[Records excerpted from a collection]
=== Section Start ===
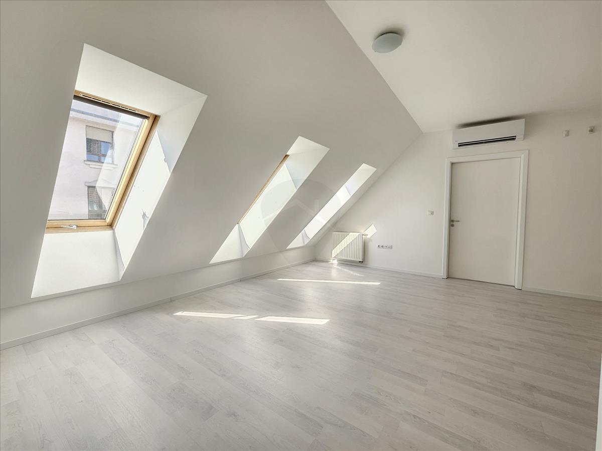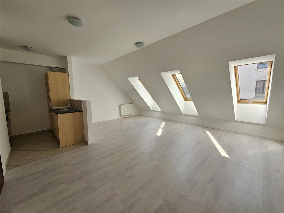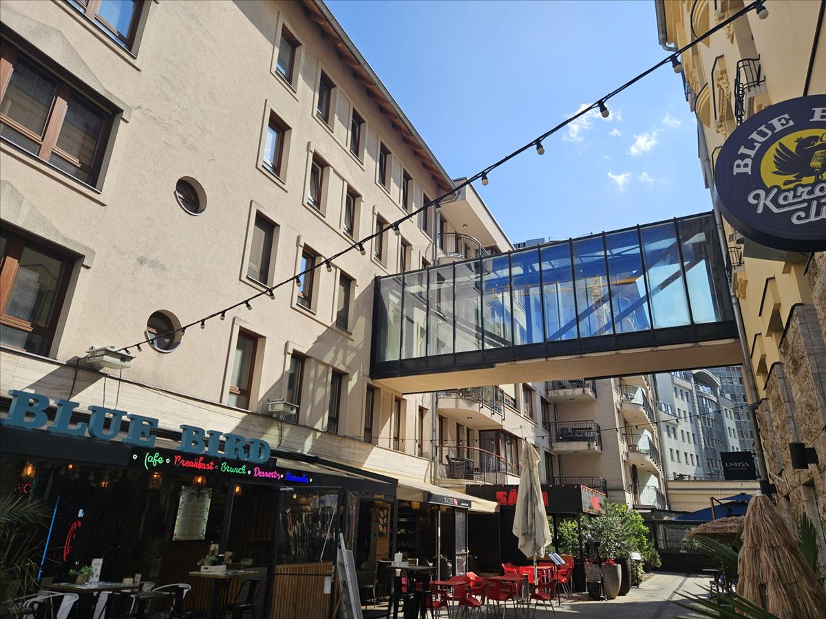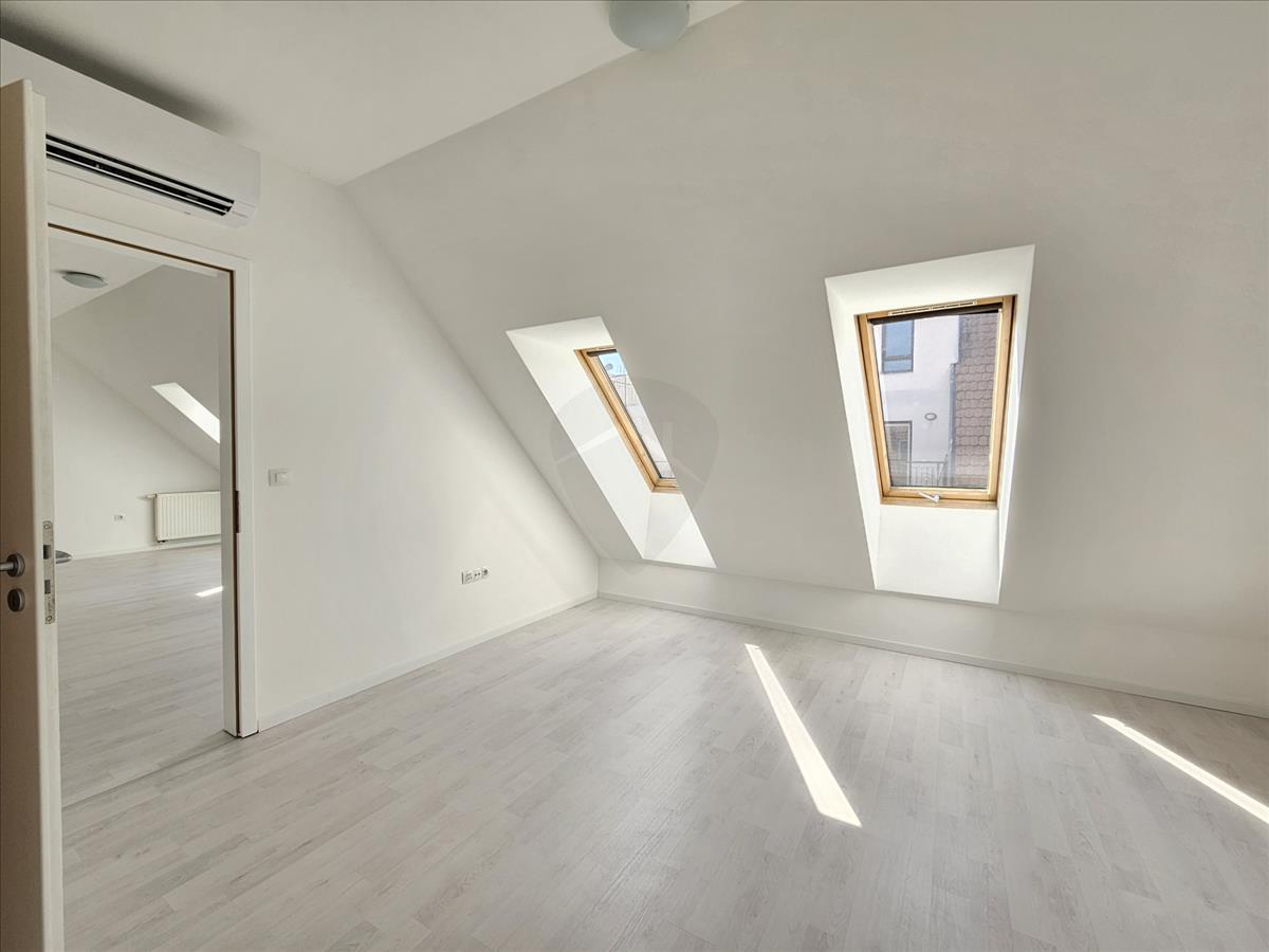 Hosszútávra kiadó ez a nappali plusz hálószobás tetőtéri klimatizált újszerű lakás kiváló állapotban a Holló utcában a gozsdu udvarban
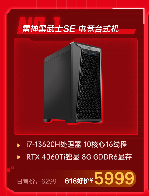 有些小伙伴们使用电脑的场景比较固定,想要选购一台台式机来当作自己的主力机,那么这台全新推出的雷神黑武士SE 电竞台式机是个不错的选择!搭载酷睿i7-13620H处理器+RTX 4060Ti 显卡,拥有8G GDDR6显存,无论是性能还是价格都十分具有竞争力!
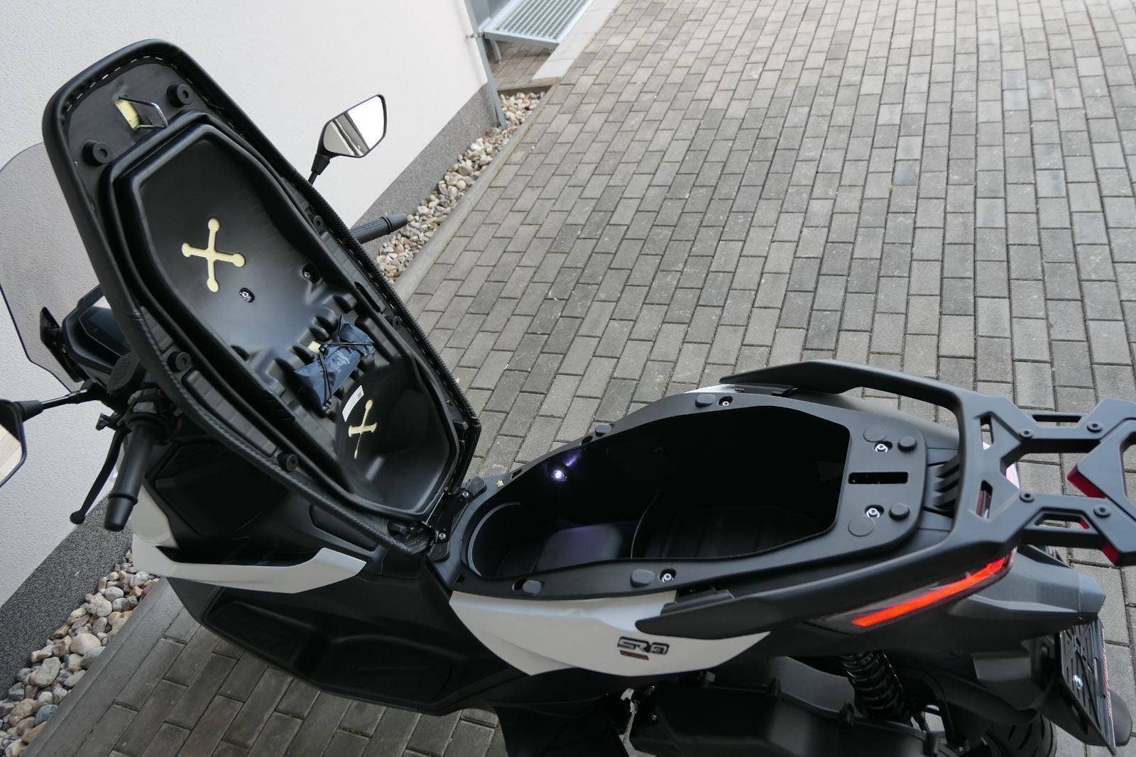 Pravým direktem kontruje osvětlenej prostor pod sedlem s místem až na dvě helmy. Do provazů konkurenci zatlačí propracovanej vysokokontrastní 7" TFT displej s turn by turn navigací, senzorem tlaku v pneumatikách a kompletní bluetooth konektivtou. Definitivní K. O. zasadí vyhřívaný rukojeti řídítek. Jedna, dva, tři… odpočítáno.
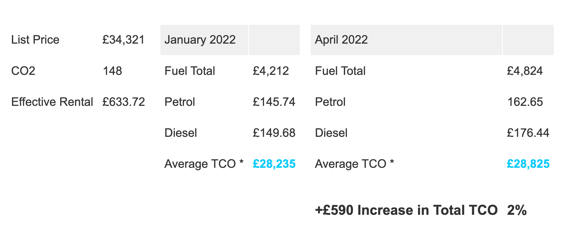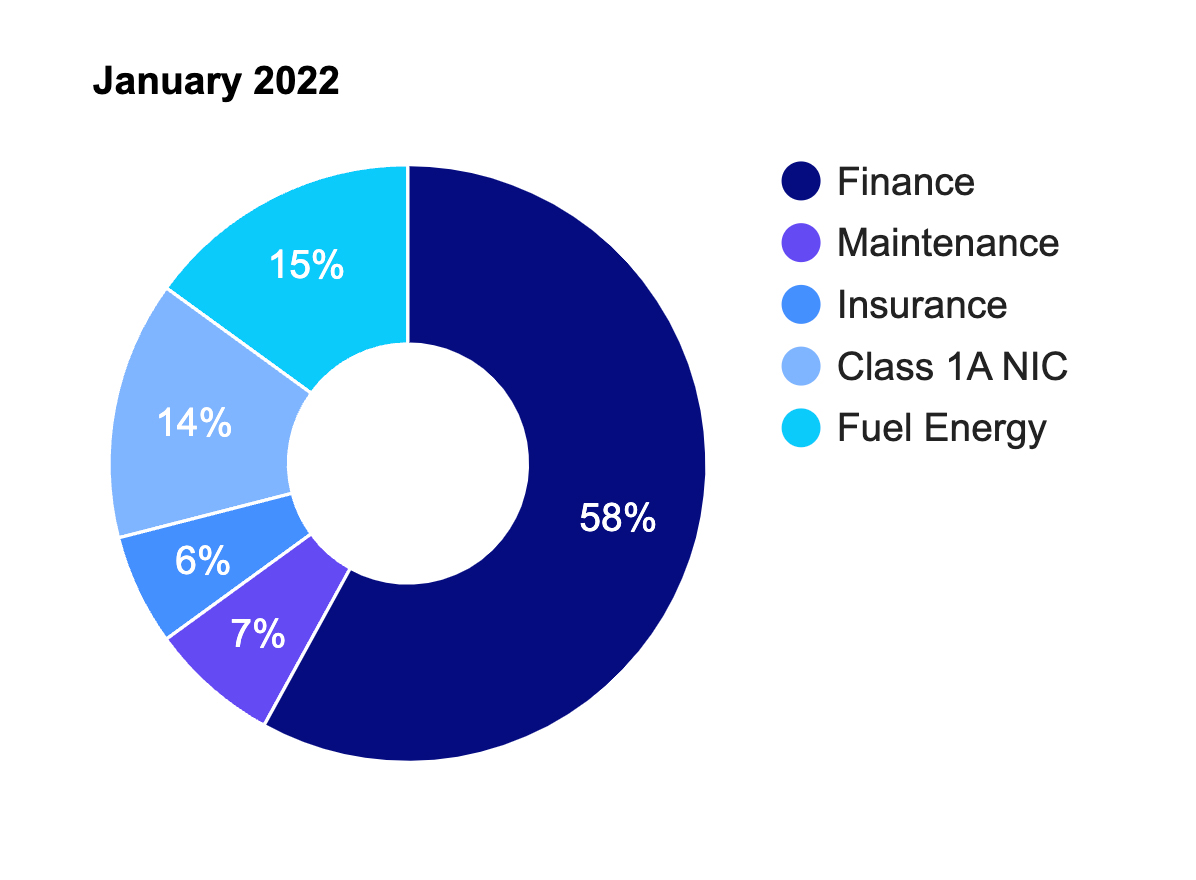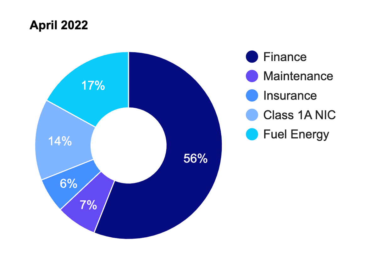 The pie charts below are based on the TCO from a basket of 15 vehicles for each powertrain. Based on Contract Hire Full Maintenance with a contract term of 36mths / 20,000 miles per annum. Fuel costs are based on 75% business miles using Advisory Fuel Rates (AFR’s) and PHEV MPG figures have been reduced by 75% to reflect real world conditions. Finally, this TCO is effective from April 2022 – inclusive of the Health and Social Care Levy.
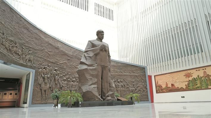大厅两侧墙壁上,巨幅浮雕刻画着军垦战士挥镐垦荒、持枪戍边的场景。高耸的空间、肃穆的灯光、回荡的兵团歌曲,共同营造出一派庄严氛围。
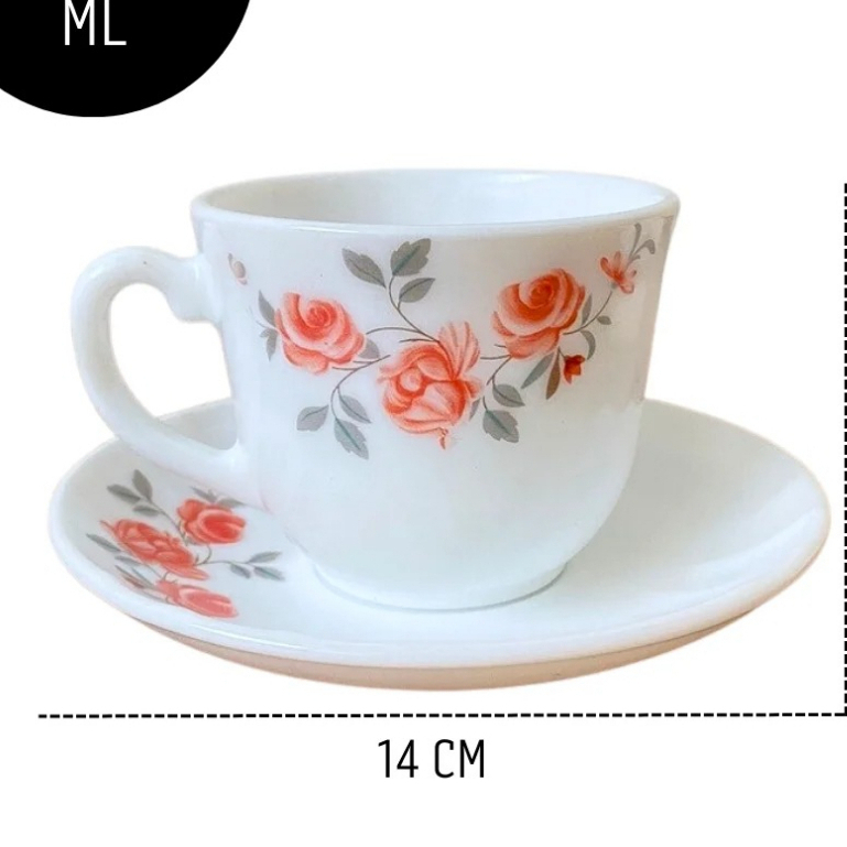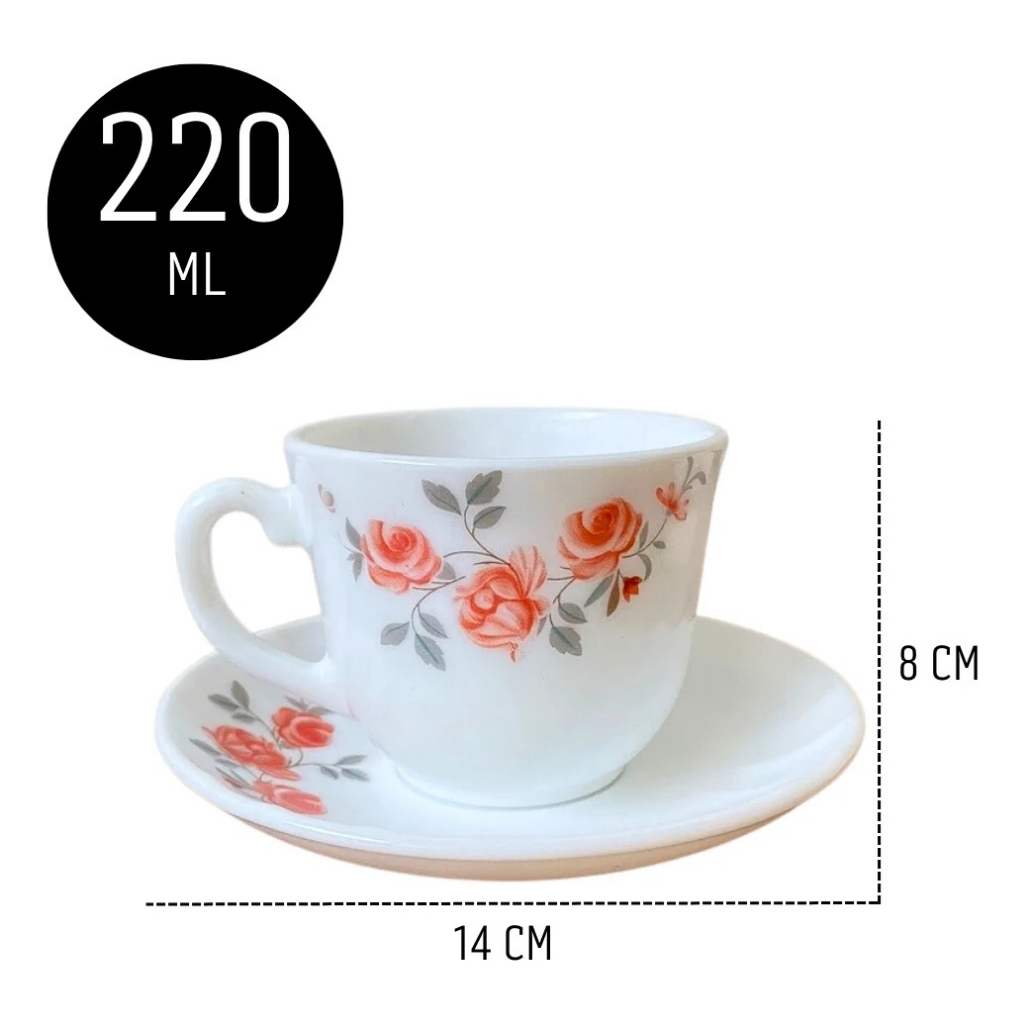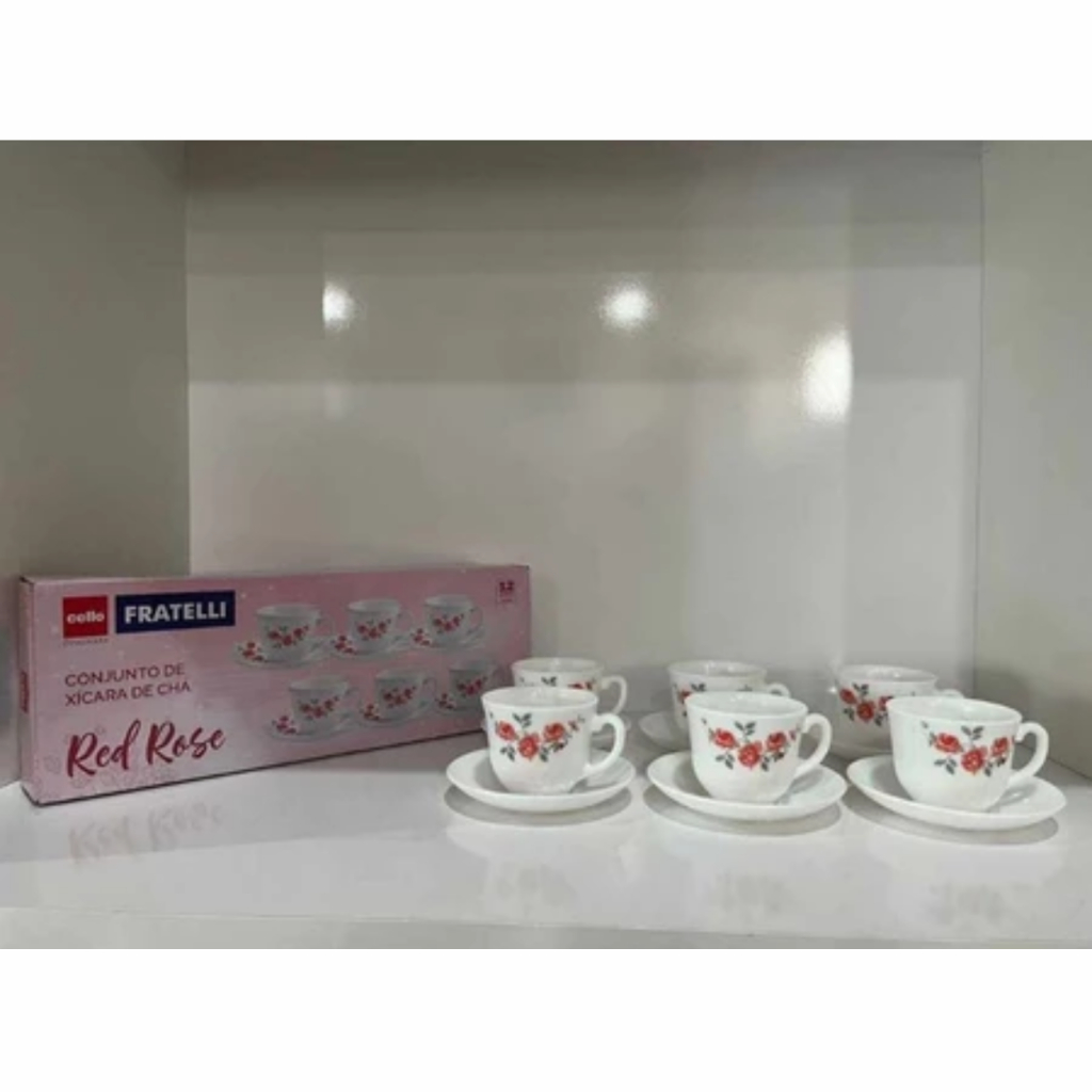 Jogo 6 Xicaras com Pires Porcelana Fratelli Decorado 220ml Red Rose Sofisticado
=== Section End ===
**Work instructions**
Output nothing except an exact copy of the records above, with the images left out.

**Answer space**
 Hosszútávra kiadó ez a nappali plusz hálószobás tetőtéri klimatizált újszerű lakás kiváló állapotban a Holló utcában a gozsdu udvarban
 有些小伙伴们使用电脑的场景比较固定,想要选购一台台式机来当作自己的主力机,那么这台全新推出的雷神黑武士SE 电竞台式机是个不错的选择!搭载酷睿i7-13620H处理器+RTX 4060Ti 显卡,拥有8G GDDR6显存,无论是性能还是价格都十分具有竞争力!
 Pravým direktem kontruje osvětlenej prostor pod sedlem s místem až na dvě helmy. Do provazů konkurenci zatlačí propracovanej vysokokontrastní 7" TFT displej s turn by turn navigací, senzorem tlaku v pneumatikách a kompletní bluetooth konektivtou. Definitivní K. O. zasadí vyhřívaný rukojeti řídítek. Jedna, dva, tři… odpočítáno.
 The pie charts below are based on the TCO from a basket of 15 vehicles for each powertrain. Based on Contract Hire Full Maintenance with a contract term of 36mths / 20,000 miles per annum. Fuel costs are based on 75% business miles using Advisory Fuel Rates (AFR’s) and PHEV MPG figures have been reduced by 75% to reflect real world conditions. Finally, this TCO is effective from April 2022 – inclusive of the Health and Social Care Levy.
大厅两侧墙壁上,巨幅浮雕刻画着军垦战士挥镐垦荒、持枪戍边的场景。高耸的空间、肃穆的灯光、回荡的兵团歌曲,共同营造出一派庄严氛围。
 Jogo 6 Xicaras com Pires Porcelana Fratelli Decorado 220ml Red Rose Sofisticado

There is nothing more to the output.